- Poster presentation
- Open Access
Pharmacological inactivation of PI3Kδ in the tumor microenvironment enhances efficacy of other immunotherapeutic agents
Journal for ImmunoTherapy of Cancervolume 3, Article number: P377 (2015)
Pharmacological inhibition of the oncogenic PI3Kδ pathway has been shown to be efficacious in patients with hematopoietic malignancies. However, its therapeutic application in patients with solid tumors has not yet been tested. Recently, genetic inactivation of PI3Kδ in mice was shown to delay the growth of solid tumors, resulting from the inactivation of Treg-mediated suppression of cytotoxic CD8+ T cell responses.
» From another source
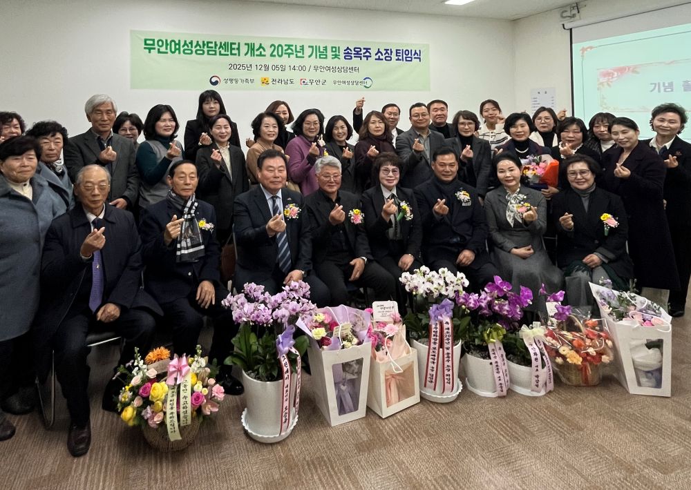 ¹«¾È¿©¼º»ó´ã¼¾ÅÍ ¼ÒÀå ¼Û¿ÁÁÖ´Â ÅðÀӻ縦 ÅëÇØ "Áö³ 20³â°£ ¹«¾È¿©¼º»ó´ã¼¾ÅͰ¡ ¿©¼º À뱂 ÁõÁø°ú ¼ºÆø·Â ÇÇÇØÀÚ Áö¿øÀ» À§ÇØ °É¾î¿Â ±æÀº °áÄÚ È¥ÀÚ°¡ ¾Æ´Ï¾ú±â¿¡ °¡´ÉÇß´Ù"¸ç, "¿À´Ã ÀÌ ÀÚ¸®¿¡¼ ¸¹Àº ºÐµéÀÇ °Ý·Á¿Í ÃàÇϸ¦ ¹ÞÀ¸¸ç ÅðÀÓÇÏ°Ô µÇ¾î ¸Å¿ì °¨°Ý½º·´´Ù. ¾ÕÀ¸·Îµµ ¹«¾È¿©¼º»ó´ã¼¾ÅͰ¡ Áö¿ª»çȸÀÇ ¼ÒÁßÇÑ µîºÒÀÌ µÇ¾îÁֱ⸦ ±â¿øÇÑ´Ù"°í ¹àÇû´Ù.

Therefore we explored the immunotherapeutic potential of our PI3Kδ-selective compound, INCB050465, in multiple preclinical tumor models. We demonstrate that INCB050465 can block tumor growth in multiple established tumor models which are not dependent upon oncogenic PI3K signaling. Tumor growth inhibition is not observed in these models in immunocompromised mice, demonstrating that the anti-tumor effects of these agents require an intact immune system. To further investigate the immune-mediated mechanisms, tumors exposed to vehicle or INCB050465 were harvested and analyzed for modulation of gene expression and immune phenotype. INCB050465 was shown to significantly downregulate T cell gene signatures in tumors, and this was primarily due to depletion of CD4+CD25+FoxP3+ regulatory T cells. In contrast, the number of CD8+ T cells was shown to be higher in INCB050465-treated tumors. We next examined INCB050465 in combination with other immune modulators. The combination of PI3Kδ and JAK inhibition resulted in enhanced activity in a T cell-inflamed model by reducing both Treg and M2 macrophages, which then allowed the re-activation of both CD4 and CD8 T cells. In addition, PI3Kδ inhibition and PD-L1 blockade resulted in enhanced efficacy by depleting Treg and prolonging T cell responses over time. In summary, inactivation of PI3Kδ with a pharmacological inhibitor can enhance anti-tumor immunity by depleting Treg while increasing the numbers of cytotoxic CD8+ T cells. These data support clinical evaluation of the mechanism, and further studies to understand the molecular basis of efficacy and associated cellular responses may provide a rationale to identify individuals who may benefit most from PI3Kδ inhibitor-based immunotherapy combinations in the clinic.